何か言いたげなレオンを見て、補足説明して下手に口を挟まない様にするべきかと密かに悩んだクラウスだったが、彼が何か言う前に皮肉気な声が響く。
「内務大臣におかれましては、この決定に異を唱える事はなさらないのですか?」
近衛軍からは総司令官であるラスティの他、各軍の司令官四人も顔を揃えていたが、その中の一人が揶揄するようにアルテスに問いかけてきた為、彼は素っ気無く言い返した。
「どうしてその様な事をする必要があるのか、理解に苦しみます」
「先日、ご披露されたばかりのご令嬢が、可愛くは無いと仰る?」
「幾ら親と言えども、娘の仕事上の事に口を出すつもりはありません」
「それとも? 今回派遣されるのが、幸いな事にモンテラード司令官率いる第四軍でありますから、彼の婚約者であるシェリル姫の義姉である彼女を、粗末に扱う筈は無いと安心されているのですか?」
第一軍から三軍までの司令官が順に発言してから、アルテスはこの間無言を貫いていたジェリドに向かって、楽しげに声をかける。
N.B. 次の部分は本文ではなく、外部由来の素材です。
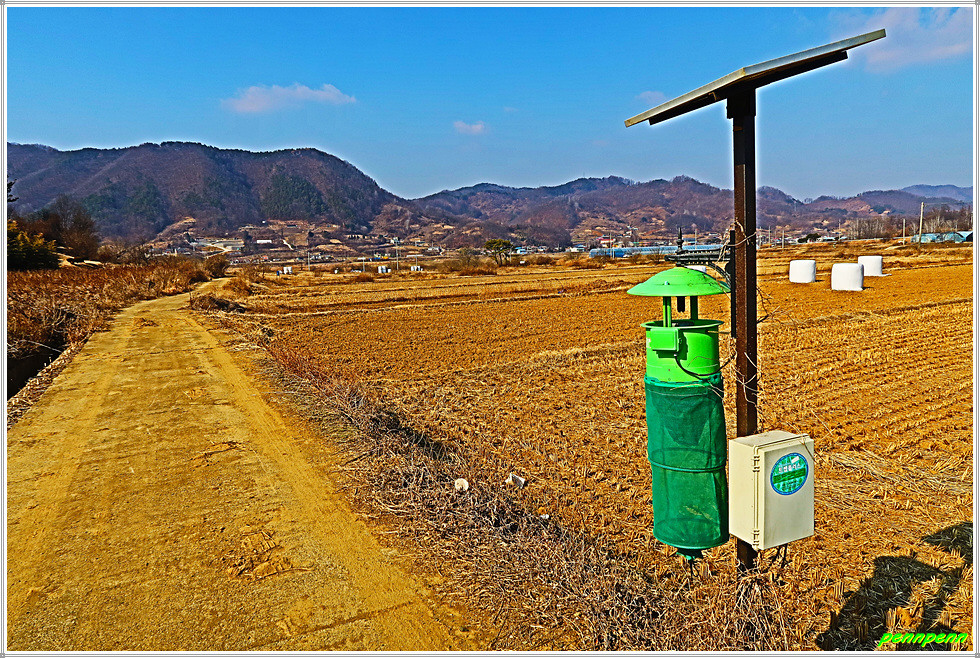 금강수변생태벨트를 지나갑니다. 종미리 종배마을회관을 뒤로하고 아랫종배마을을 지나면 작은 언덕 위 거목 옆에 그림 같은 정자가 세워져 있습니다. 농경지에 세워둔 해충퇴치용 기구가 눈길을 끕니다. 이제 안남면 소재지가 보이기 시작하는군요. 안남천에 걸린 연주교를 건너면 연주공원의 명물인 둥실둥실배바우 조형물이 보이고, 바로 이웃에는 목적지인 안남면사무소입니다. 사무소 앞에는 옥천 1경인 둔주봉에서 본 한반도지형 사진이 걸려 있네요.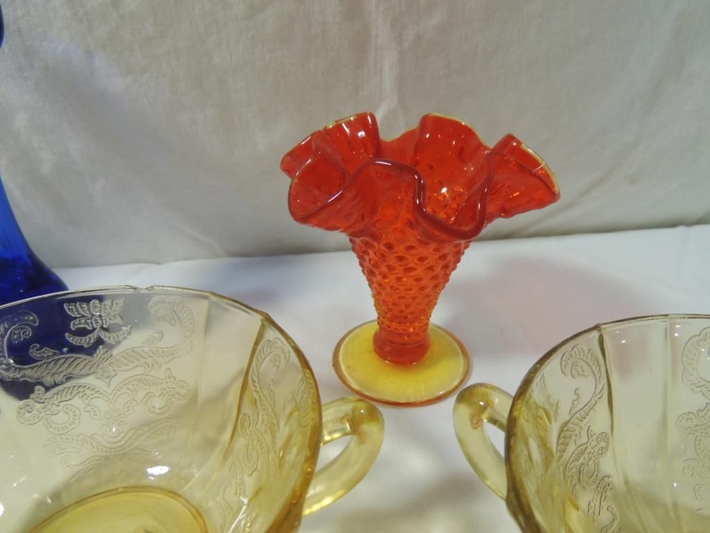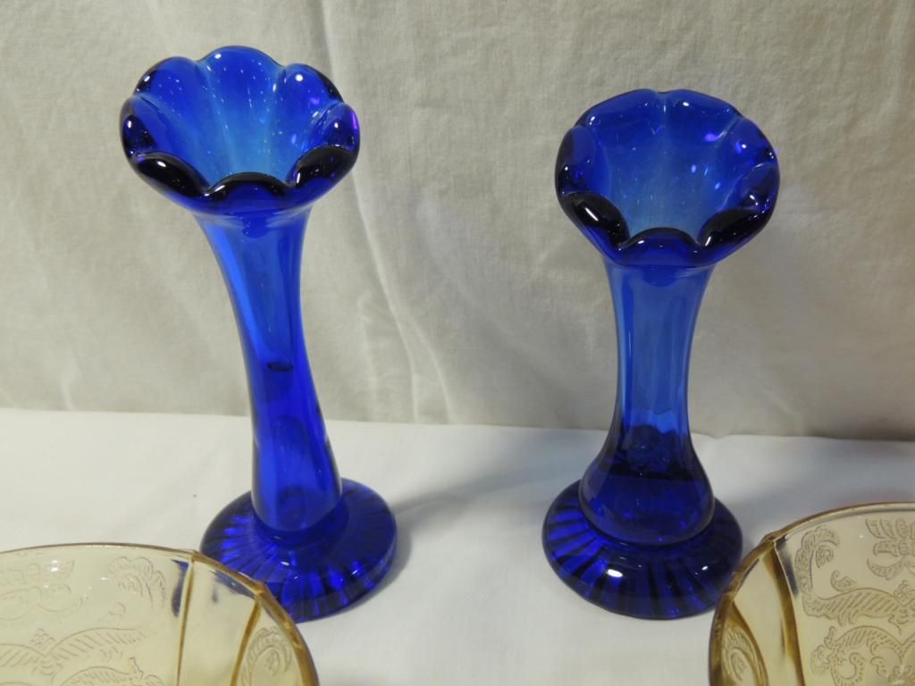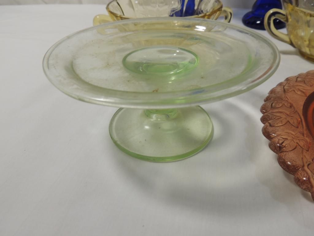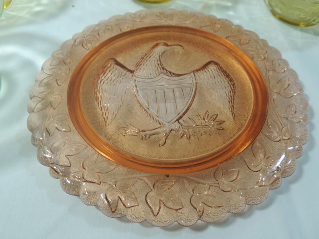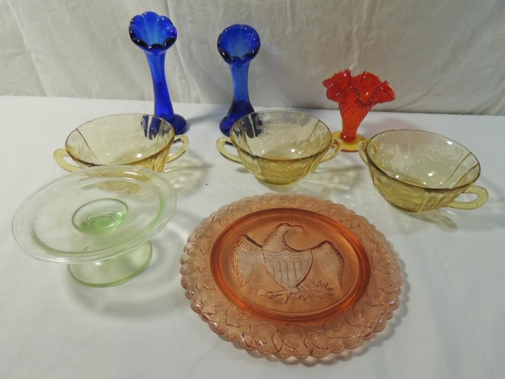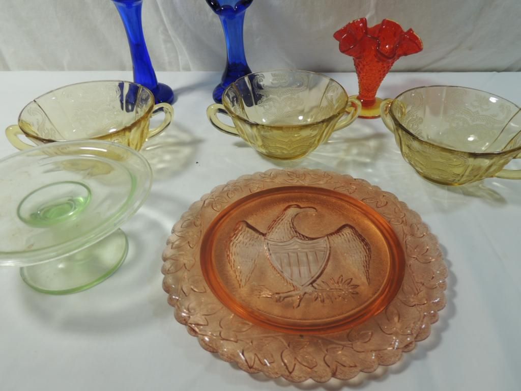 DEPRESSION GLASS, COBALT CANDLESTICKS, FENTEN AMBERINA, VASILINE GLASS? DECORATIVE BICENTENIAL PLATE. AS SHOWN SEE PHOTO FOR MORE DETAILS.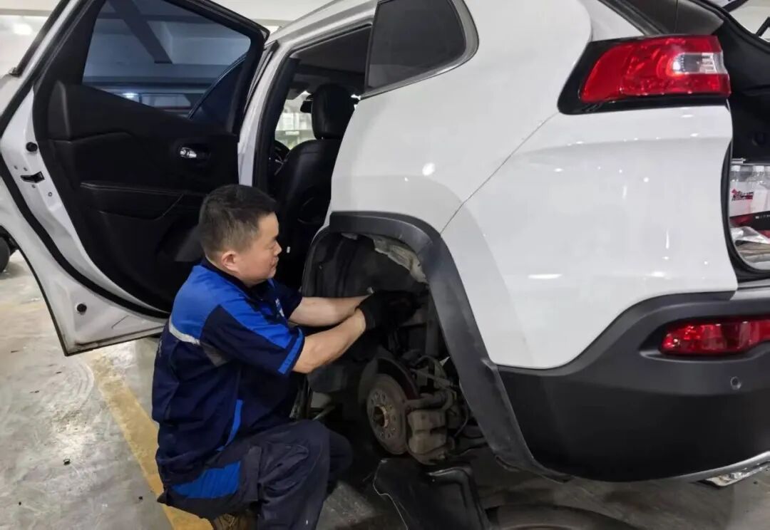 在不少人看来,钣金或许是一项非常枯燥的工作,姚万青则认为,钣金是技术与修复艺术的融合。他常说:“这不仅是技术活,更是良心活。把每辆车当成自家车来修,才对得起肩上的责任。”曾有一台指南者事故车,因碰撞造成车架变形、纵梁断裂、悬挂系统错位等结构性损伤,车门、翼子板等多部位钣金凹陷。想要车辆恢复原厂平整度,难就难在复杂损伤的融合敲击、拉伸、热收缩等工艺,稍不留神就可能造成二次形变。姚万青用橡胶锤配合垫铁,一点点敲击凹陷处,让钢板慢慢舒展开来,回归原始形态,遇着大范围变形,就靠液压顶铁施加反向力,一点点把车架“拉”回正轨,高强度钢板得加热到600℃再快速冷却,用热收缩技术消除内部应力,断裂处重新焊接时,他更是反复确认强度与密封性,绝不给锈蚀留半点机会。整整150个小时,他像雕琢艺术品般打磨着每一处细节,“车身受损太严重,想做到毫无瑕疵,只能靠耐心手工磨。”他回忆道。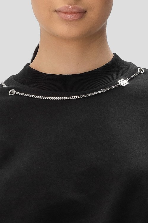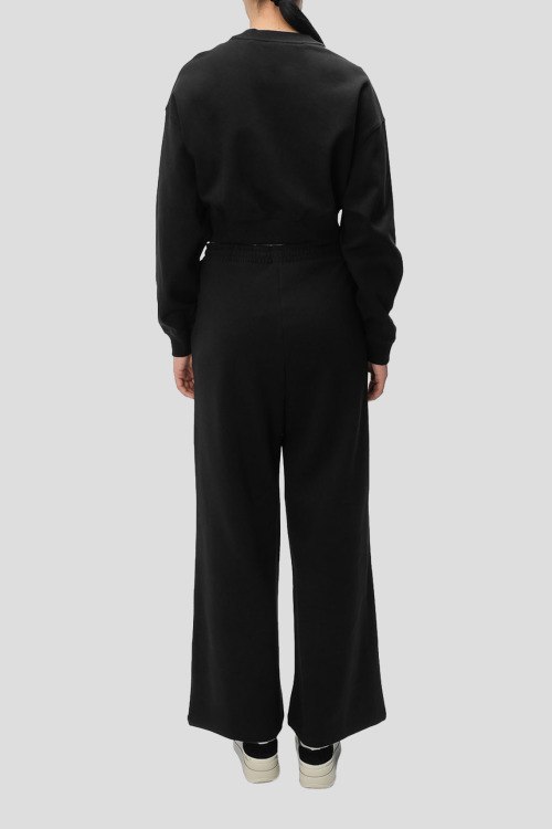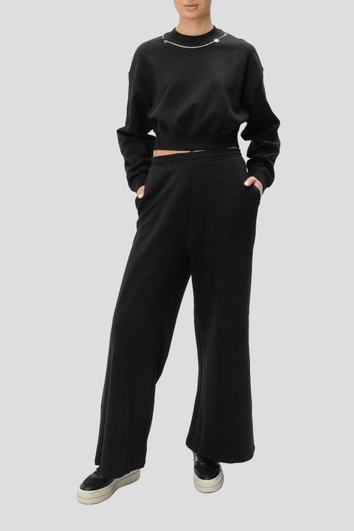 Детали: Женский черный прогулочный костюм Dewita из хлопкового микса от Hugo Boss (Хуго Босс). Укороченный свитшот с декоративной цепочкой вдоль горловины, длинные рукава, манжеты и низ изделия в рубчик, расклешенные брюки с высокой посадкой, эластичная резинка на поясе с кулиской, прорезные карманы, расклешенная модель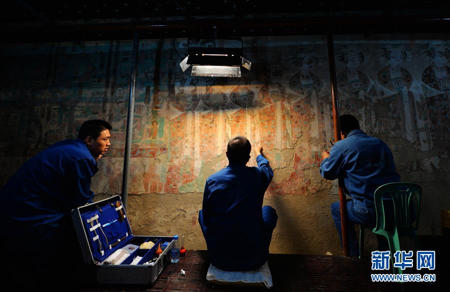 技術人員在莫高窟內對病害壁畫進行修復(2014年9月3日攝)。 敦煌記錄歷史。開放的胸襟,曾讓這里成為古代絲綢之路上“華戎所交一都會”。 時隔千年,改革開放的春風吹入西北內陸小城,敦煌再度成為中國對外開放的文化前沿。 新華社記者 陳斌 攝

「これは驚きました。近衛軍では戦場において、一個人の扱いに手心を加える様な、繊細なお仕事をされているらしい。初耳です」
「ファルス公爵。つまらない戯れ言を仰らないで頂きたい。皆様も近衛軍の規律を疑われる様な発言は、慎んで頂きましょう」
如何にも心外そうにアルテスに言い返してから、ジェリドは自分よりも上座に座っている面々に、一応礼儀正しく苦言を呈した。と思った瞬間、彼の毒舌が炸裂する。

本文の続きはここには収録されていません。